In 1974 I started an organization with several other people called the Briarpatch Network. This was a network of hundreds of small hippie startups in a nearly infinite range of businesses. It began as people who came to meet me in a wharf office I had set up shortly after publishing the Seven Laws of Money. Hippies came to me because they knew that I understood finance and that I was sympathetic to their interests. Along with the first coordinator and many subsequent coordinators of the Briarpatch, we built an organization that rapidly reached 600 members and remained at about that size for the next ten years. I would say that our membership was well over 1000 small businesses. Over that period of time there were 5000 to 6000 employees.

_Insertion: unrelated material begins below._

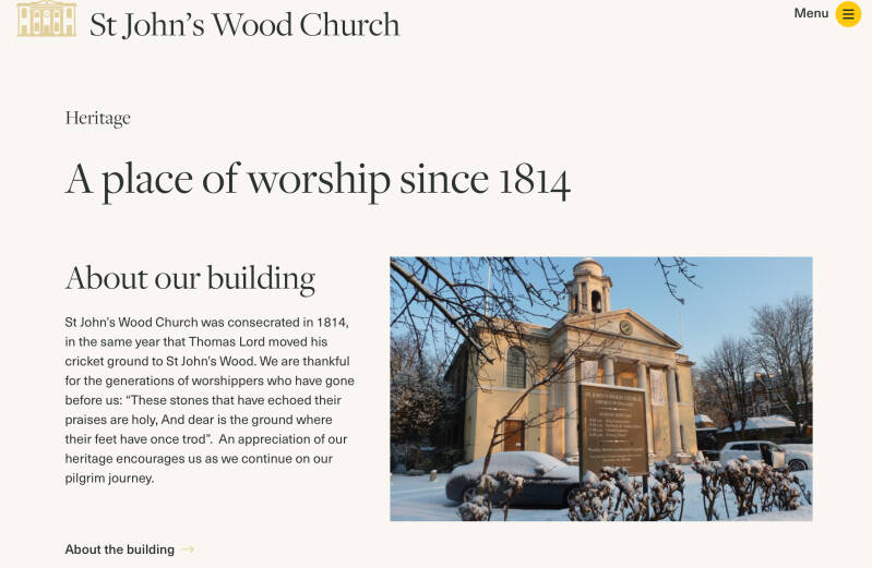 After bomb damage during the Second World War rendered St Stephen's, Avenue Road[9] unusable, St John's Wood Church became a parish church in its own right in 1952.[10] As well as holding regular services for the community, the church hosted the society wedding of Peggy Cripps to Joe Appiah in June 1953,[11] the blessing of the marriage of Paul and Linda McCartney in 1969,[12] and the funeral of Ursula Vaughan Williams in 2007.[13]

It has been my hypothesis that this explosion of small businesses was the source of the very rapid growth of America from the late 1980s until the early 2000's. The hippies learned from me and from each other that the best way to start a business is to cooperate with everyone else in that business and nearby businesses. Cooperation was a very hippie value that gave us nearly 90% success rate for business startups over a five year period. That compared to a 10% success rate among non-hippies businesses.
I know that the Briarpatch methodology of cooperation among start-ups worked because I duplicated the pattern in Sweden starting in 1980.
I think this chart in some ways is a reflection of the hippie interest in starting businesses and the Briarpatch success model that was widely imitated.
The second issue is that the hippies maintained a very optimistic view of what they could do in the world and what their impact on the future would be. This led them to start businesses and led them to start innovative, imaginative businesses.
It is my contention that this optimism is necessary for business startups to be abundant and that this business optimism has been on the wane for the past 15 or so years. Partly due to politics, meaning the Democratic Party, and certainly due to local hostility to commerce evident in the mistreatment of Uber and AirB&B as well as the horrible enactment of a rising minimum wage.
If my hypothesis is correct we will not see rapid economic growth again in the U.S. until we see an optimistic pro-business, pro-commerce climate. The kind one finds in Israel.